» THE RECORDS:
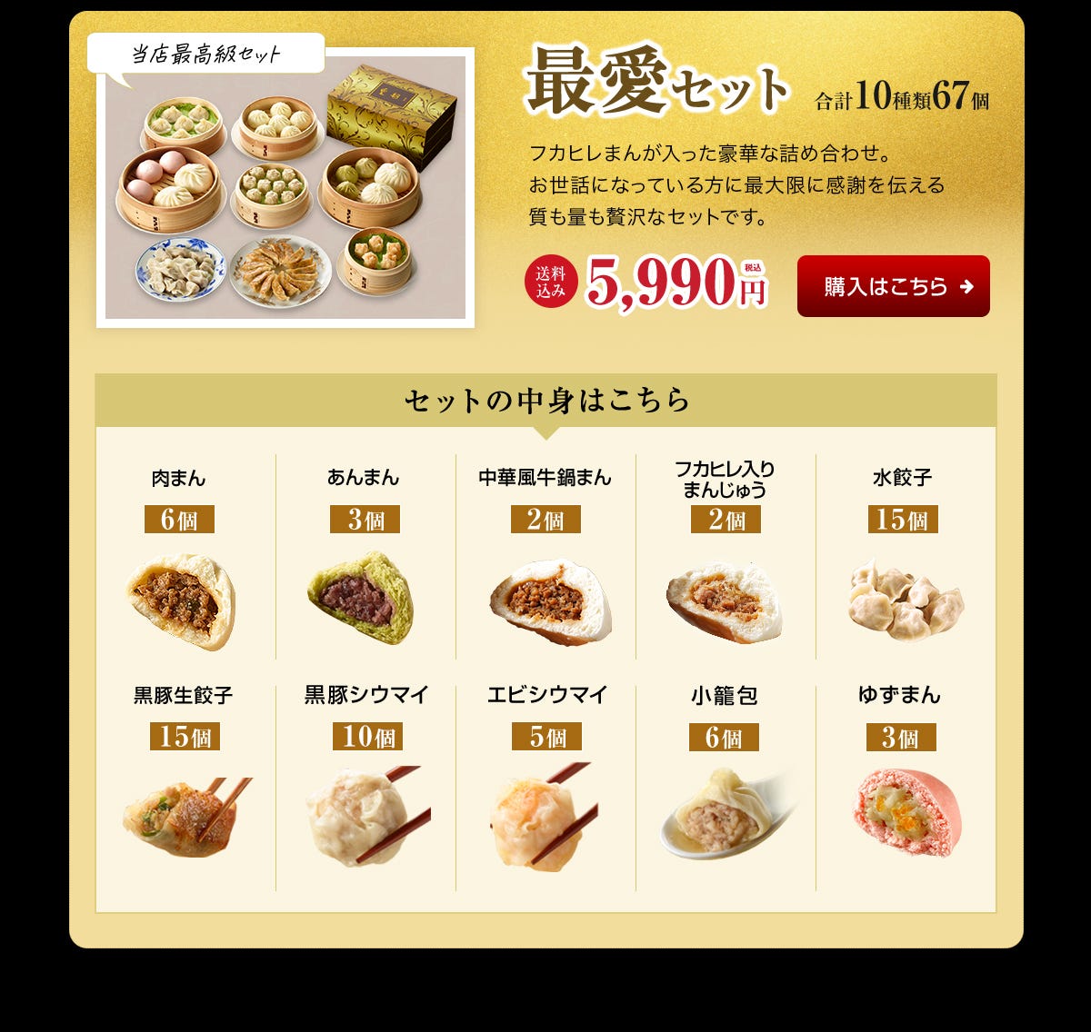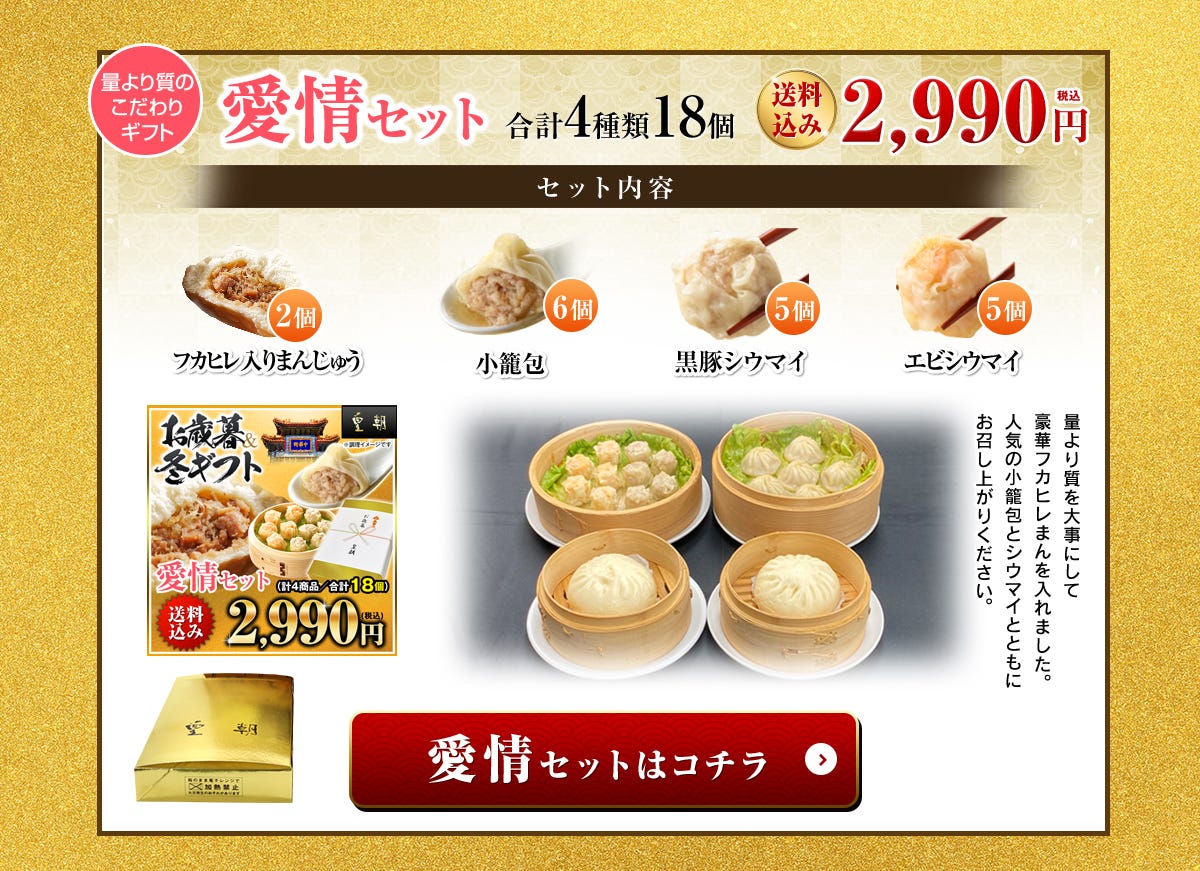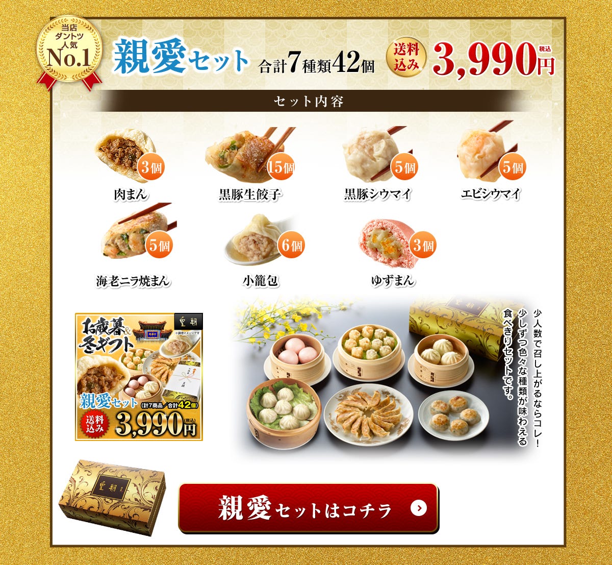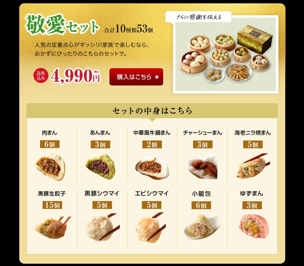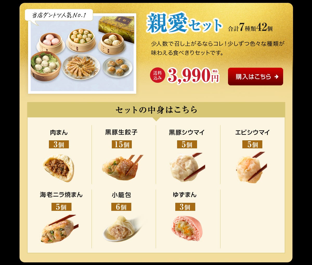 肉まん6個 / あんまん3個 / 中華風牛鍋まん2個 / フカヒレ入りまんじゅう2個 / 水餃子15個 / 黒豚生餃子15個 /黒豚シウマイ10個 / エビシウマイ5個 / 小籠包6個 / ゆずまん3個- ●原材料・アレルギー情報一覧はコチラ●
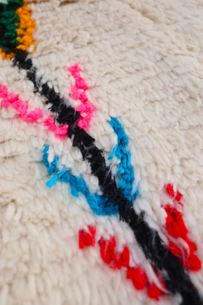 Esta alfombra bereber llamada Azilal recibe su nombre de la región de Azilal en Marruecos, donde ha sido confeccionada a mano en un telar tradicional de madera. Sus diseños representan los estados de ánimo, amores y penas de la tejedora en el momento de su creación. Una vez que se ha creado esta alfombra bereber de colores, ella creará otra totalmente diferente, dependiendo de sus emociones en ese momento. Cada pieza es única.
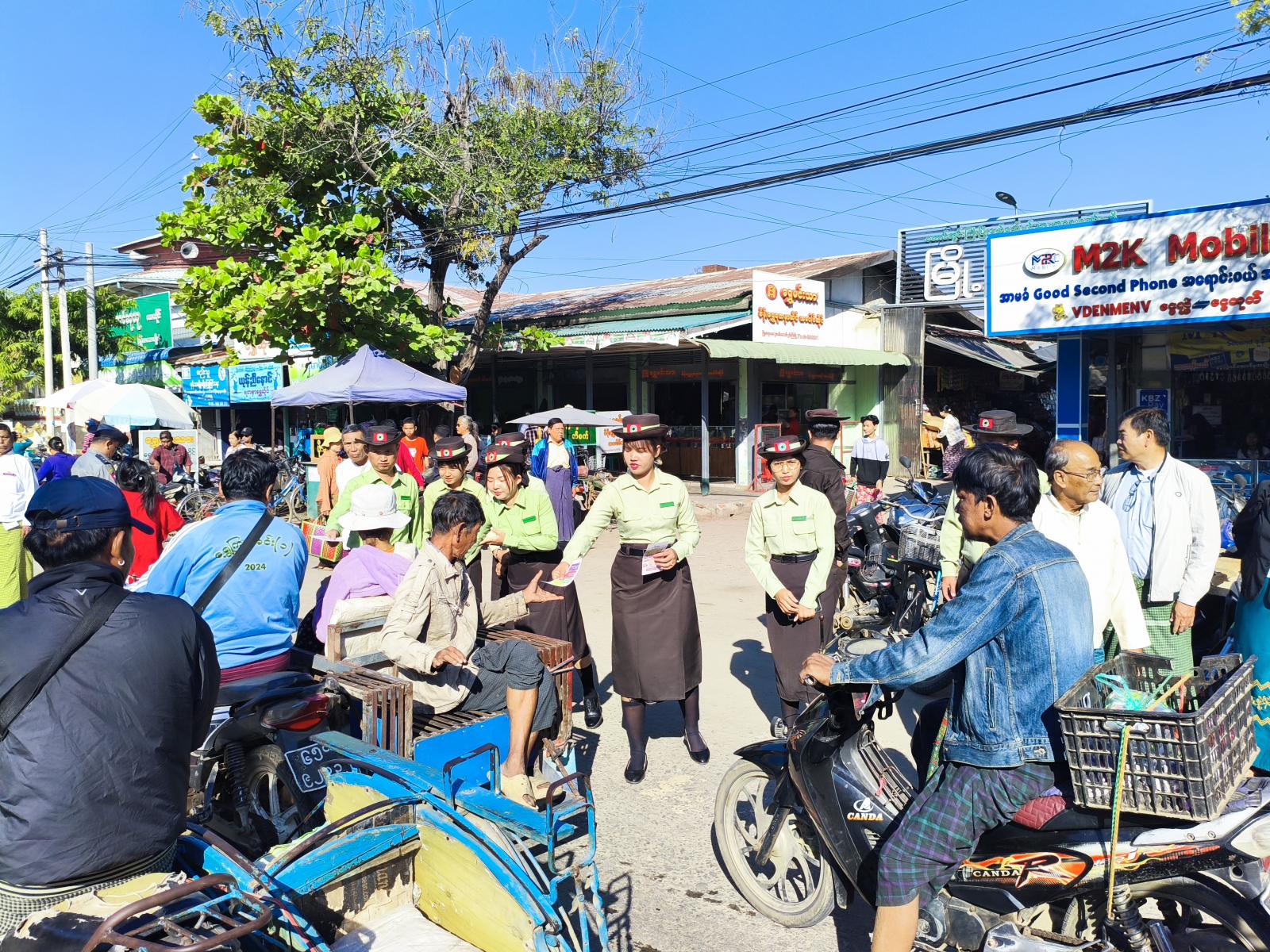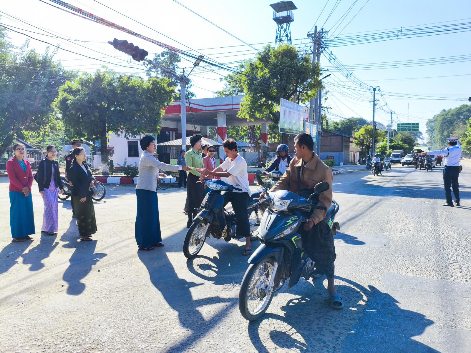 ပြန်ကြားရေးနှင့်ပြည်သူ့ဆက်ဆံရေးဦးစီးဌာနဝန်ထမ်းများက ပြည်သူများလက်ဝယ်အရောက် ဖြန့်ဝေပေးခဲ့ကြောင်း သိရသည်။
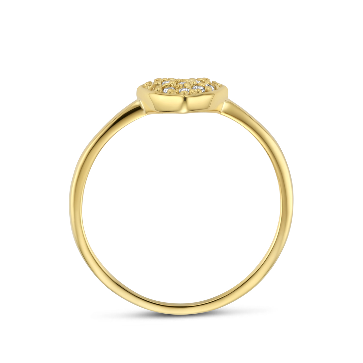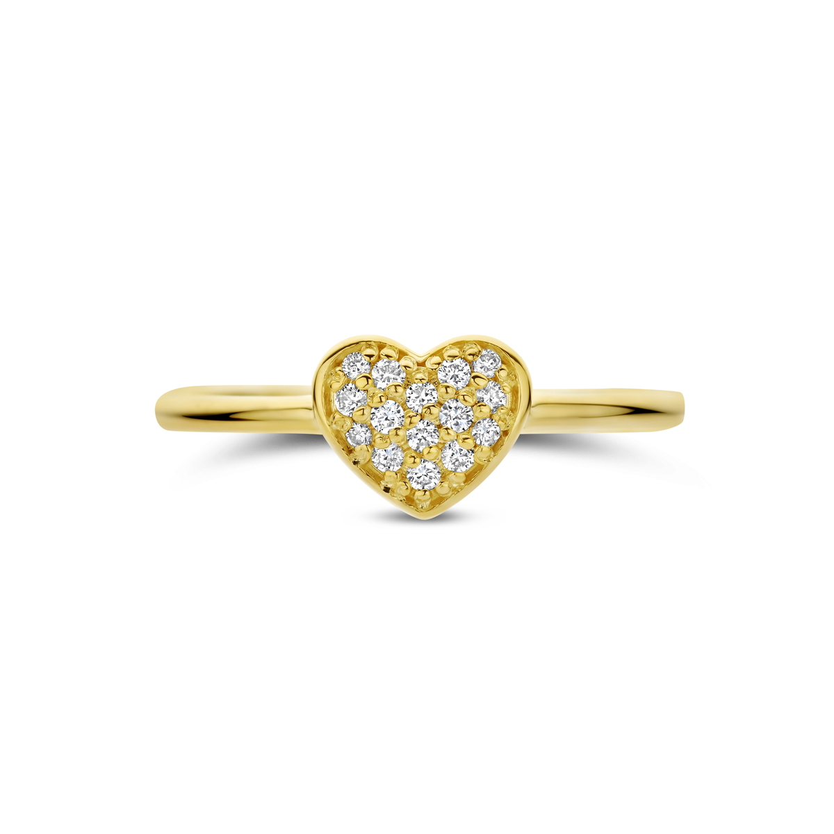 14k Geelgouden ring uitgevoerd met een hartje diamant. De ring heeft een afmeting van 6.5x8mm. Het totale diamantgewicht is 0.10ct.
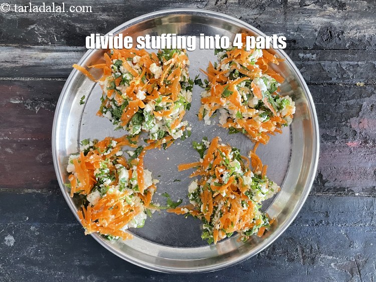 - To make stuffed nachni paratha, divide the stuffing into 4 equal portions and keep aside.
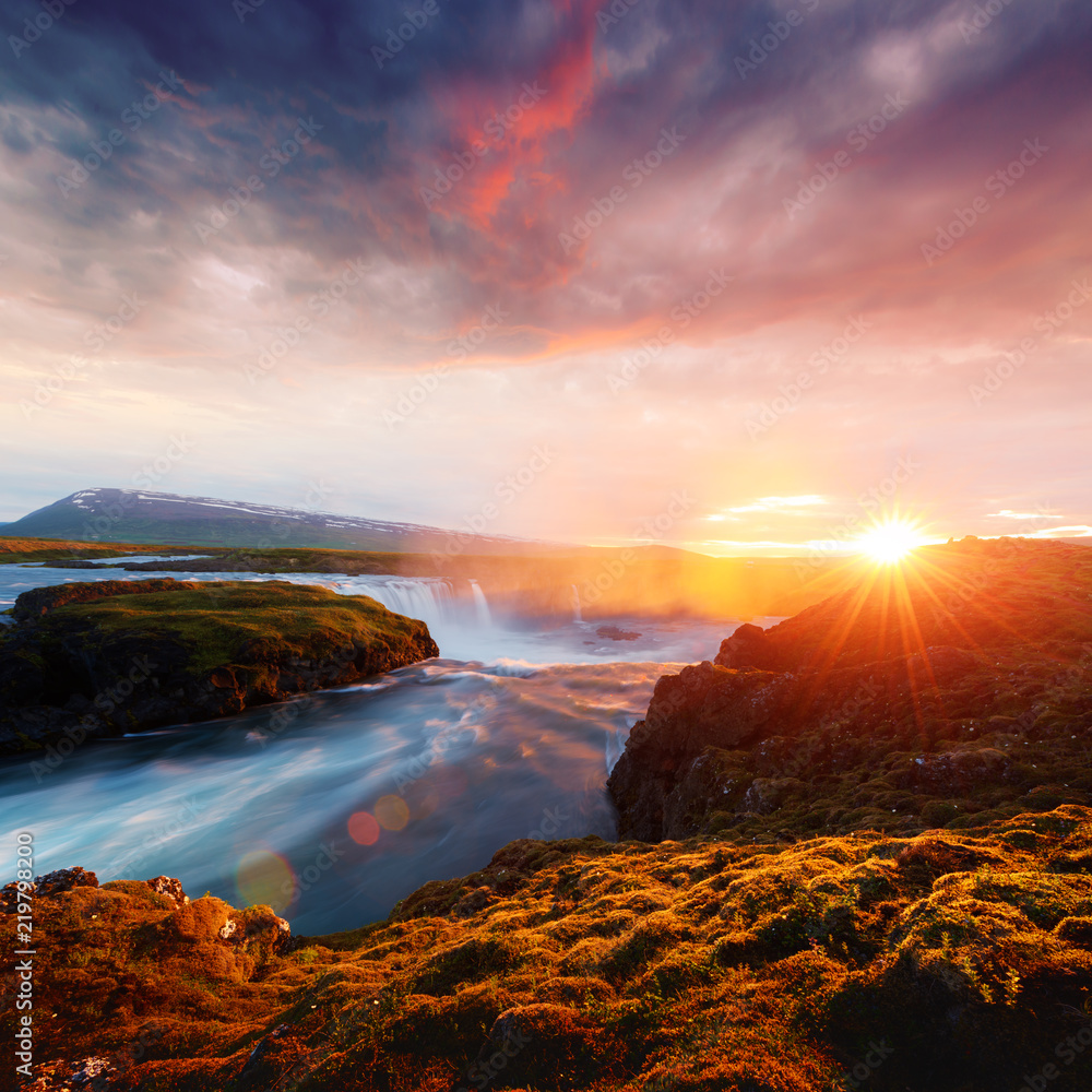 Colorful sunrise on Godafoss waterfall on Skjalfandafljot river, Iceland, Europe
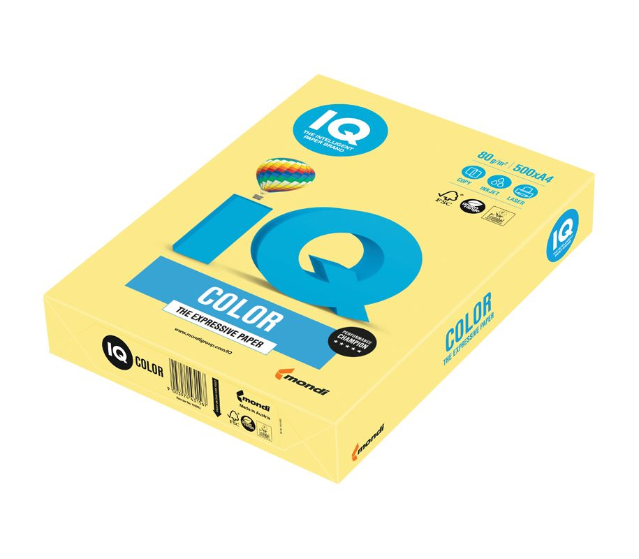 Бумага цветная IQ Color лимонно-желтого цвета применяется для печати на копировально-множительной технике, лазерных и струйных принтерах. Имеет микропористое покрытие, точно передает все оттенки, четкость изображения, мгновенно впитывает чернила и обеспечивает высокое разрешение (до 5760 dpi). Одна пачка содержит 500 листов формата А4, плотность которых составляет 80 г/кв.м. Прозрачная упаковка имеет многоразовый клапан.
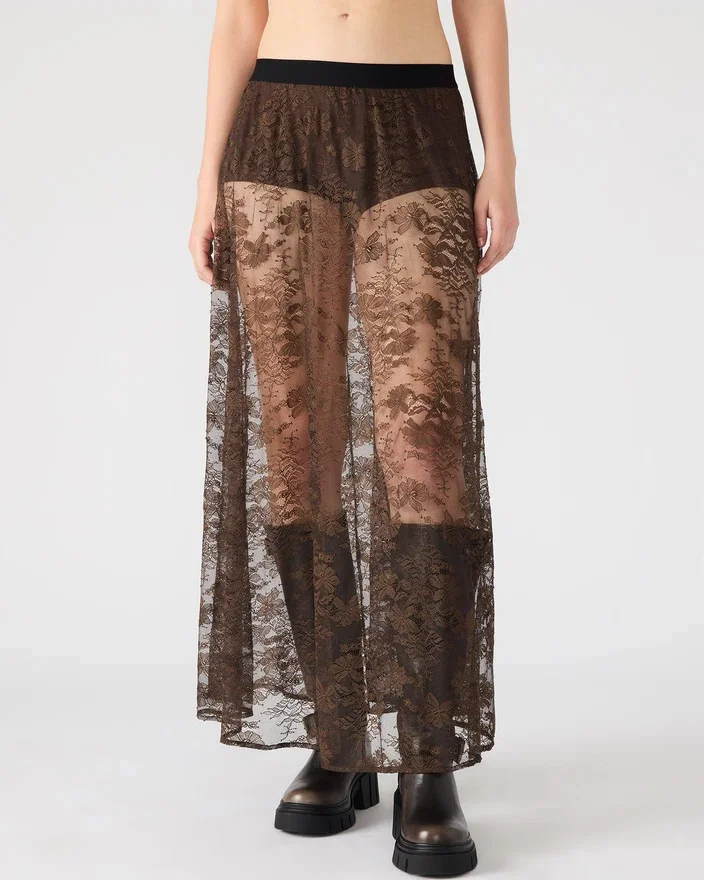 Eleve o seu guarda-roupa com a Saia Gisela, uma saia maxi de renda transparente que combina elegância com sofisticação moderna.

» TASK STATEMENT: No pictures should appear in the copy. Print exactly the lines above from the line containing "14k Geelgouden ring" through the last line of the data.

» EXERCISE RESULT:
 14k Geelgouden ring uitgevoerd met een hartje diamant. De ring heeft een afmeting van 6.5x8mm. Het totale diamantgewicht is 0.10ct.
 - To make stuffed nachni paratha, divide the stuffing into 4 equal portions and keep aside.
 Colorful sunrise on Godafoss waterfall on Skjalfandafljot river, Iceland, Europe
 Бумага цветная IQ Color лимонно-желтого цвета применяется для печати на копировально-множительной технике, лазерных и струйных принтерах. Имеет микропористое покрытие, точно передает все оттенки, четкость изображения, мгновенно впитывает чернила и обеспечивает высокое разрешение (до 5760 dpi). Одна пачка содержит 500 листов формата А4, плотность которых составляет 80 г/кв.м. Прозрачная упаковка имеет многоразовый клапан.
 Eleve o seu guarda-roupa com a Saia Gisela, uma saia maxi de renda transparente que combina elegância com sofisticação moderna.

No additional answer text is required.